§ TASK DETAILS: Could every line of the listing be output exactly, with the pictures skipped?

-- GIVEN INFORMATION follows --

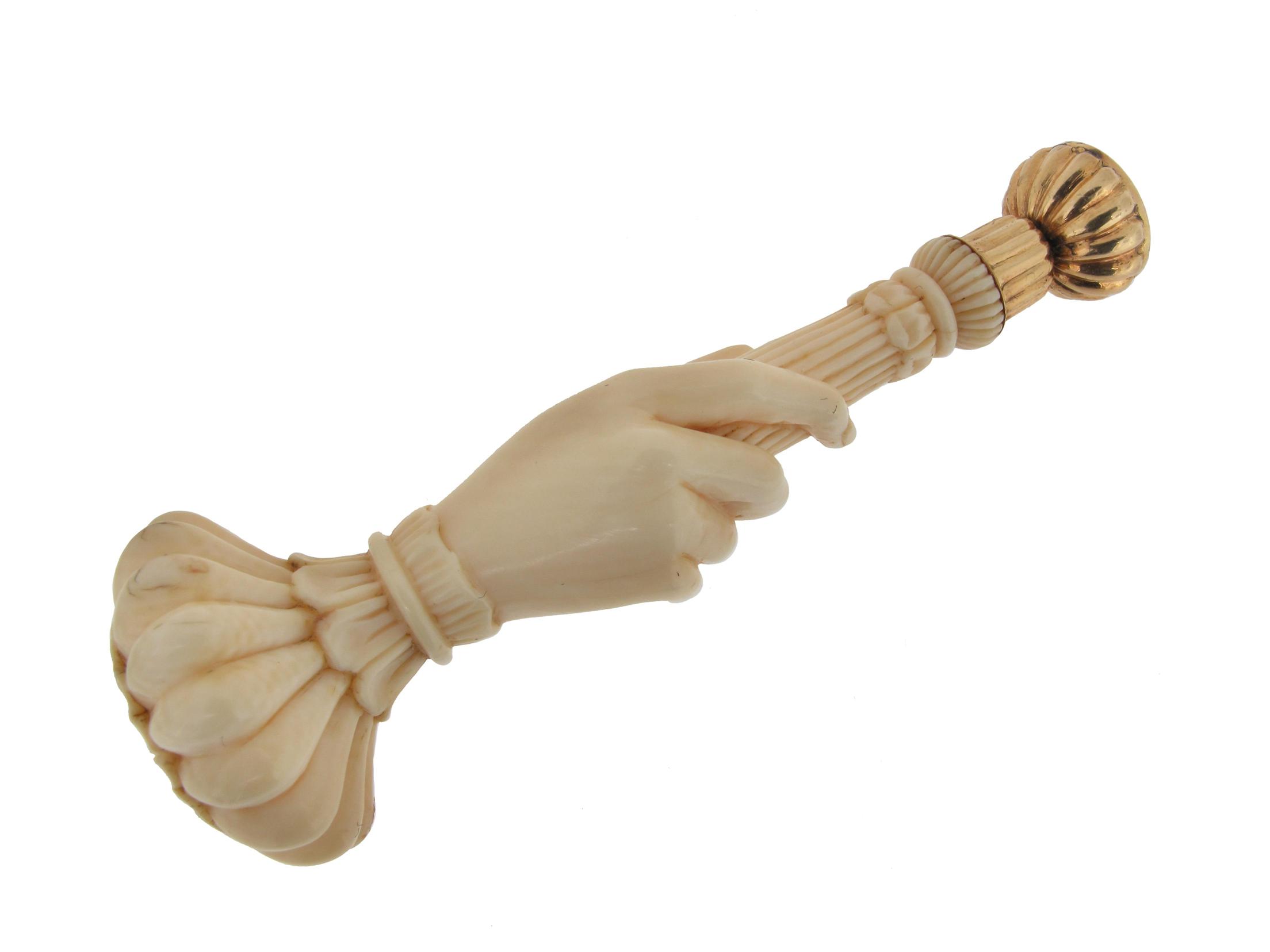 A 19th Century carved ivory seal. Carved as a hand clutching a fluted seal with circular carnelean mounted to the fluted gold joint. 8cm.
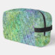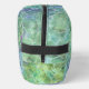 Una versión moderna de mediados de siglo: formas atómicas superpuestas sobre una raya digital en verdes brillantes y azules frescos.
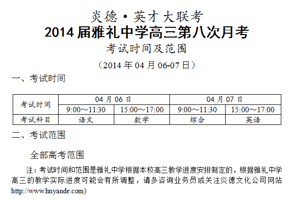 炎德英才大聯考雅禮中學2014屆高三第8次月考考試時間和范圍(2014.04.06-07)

-- GIVEN INFORMATION concluded --

§ WRITTEN RESPONSE:
 A 19th Century carved ivory seal. Carved as a hand clutching a fluted seal with circular carnelean mounted to the fluted gold joint. 8cm.
 Una versión moderna de mediados de siglo: formas atómicas superpuestas sobre una raya digital en verdes brillantes y azules frescos.
 炎德英才大聯考雅禮中學2014屆高三第8次月考考試時間和范圍(2014.04.06-07)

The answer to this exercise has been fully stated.